Les Béguines est le nom qui a été utilisé pour désigner ces communautés de femmes libres qui vivaient de façon semi-religieuse, à la fin du XIIème siècle, principalement en Europe de l’ouest. Elles menaient une vie spirituelle, mais sans jamais prononcer de vœux.

Carmen Chaumet, étudiante à la catho et membre du Comité de la Jupe, a partagé avec nojus ses recherches sur ces communautés. Elle nous a permis de découvrir leur diversité  et la liberté de leur spiritualité, qui sont une source très riche d’inspiration pour les femmes catholiques d’aujourd’hui.

A la fin du XIIème siècle et au début du XIIIème dans le nord de la France et ce qui deviendra la Belgique et les Pays-Bas se sont constituées des communautés de femmes libres souhaitant vivre une vie selon un idéal de pauvreté évangélique. Ces communautés se sont appelées « béguinages »

Beaucoup de ces femmes auraient peut-être souhaité rejoindre des communautés monastiques féminines mais n’y ont pas été acceptées : il fallait avoir un titre de noblesse et apporter une dot. En outre, les couvents étaient surchargés. Les guerres avaient décimé la population masculine et dans beaucoup de pays on comptait nettement plus de femmes que d’hommes.

On comptera jusqu’à 400 béguinages à Paris et 2000 dans la ville allemande de Cologne. D’autres se constitueront à Bruges, où l’on peut encore visiter cet ensemble de maisons individuelles.

Quelques clercs, notamment Robert de Sorbon,  théologien, soutiendront ces communautés.
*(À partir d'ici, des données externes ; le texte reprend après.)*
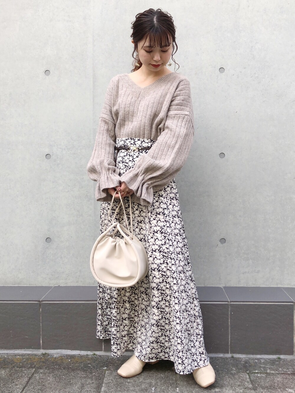 ねねのニット/セーター「Vネックリボンニット」を使ったコーディネート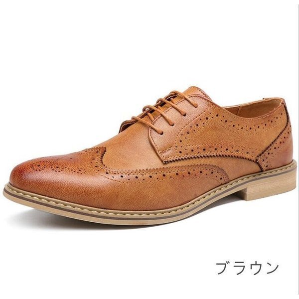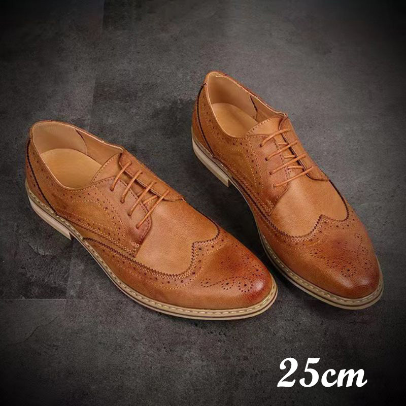 ウイングチップシューズ メンズ メダリオン メンズシューズ トラッド スエード調 大人 きれいめ ブラウン 25cm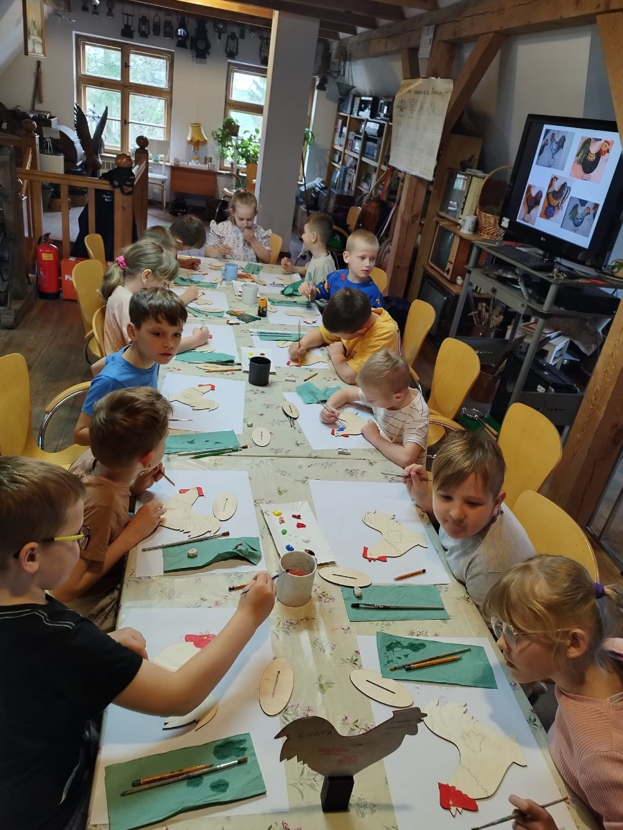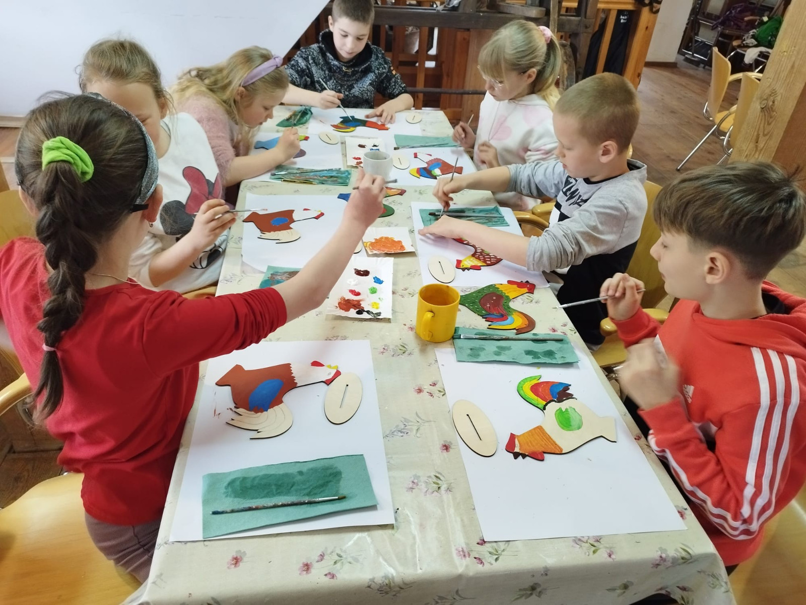 Warsztaty rozpoczęły się od krótkiej rozmowy na temat koguta – jego wyglądu, zwyczajów oraz roli, jaką odgrywa w wiejskim gospodarstwie i tradycji ludowej. Następnie dzieci z zapałem przystąpiły do części plastycznej, w której samodzielnie ozdabiały drewniane koguciki, używając kolorowych farb akrylowych.

Le roi Louis IX aussi.
La vie quotidienne de ces femmes est faite de travail : tissage, soins aux malades, mais aussi rythmée par la prière.

Naturellement, l’institution ecclésiale ne voit pas toujours d’un bon œil ces communautés de femmes libres. Elles seront condamnées par le concile de Vienne en 1311. Tombées dans l’oubli, elles bénéficient aujourd’hui d’un regain d’intérêt de la part de nombreux chrétiens.

La conférence  a été suivie d’une prière commune avec un partage de l’évangile du jour.

Pour en savoir plus, un roman « La nuit des béguines » d’Aline Kiner, donne une idée de leur vie.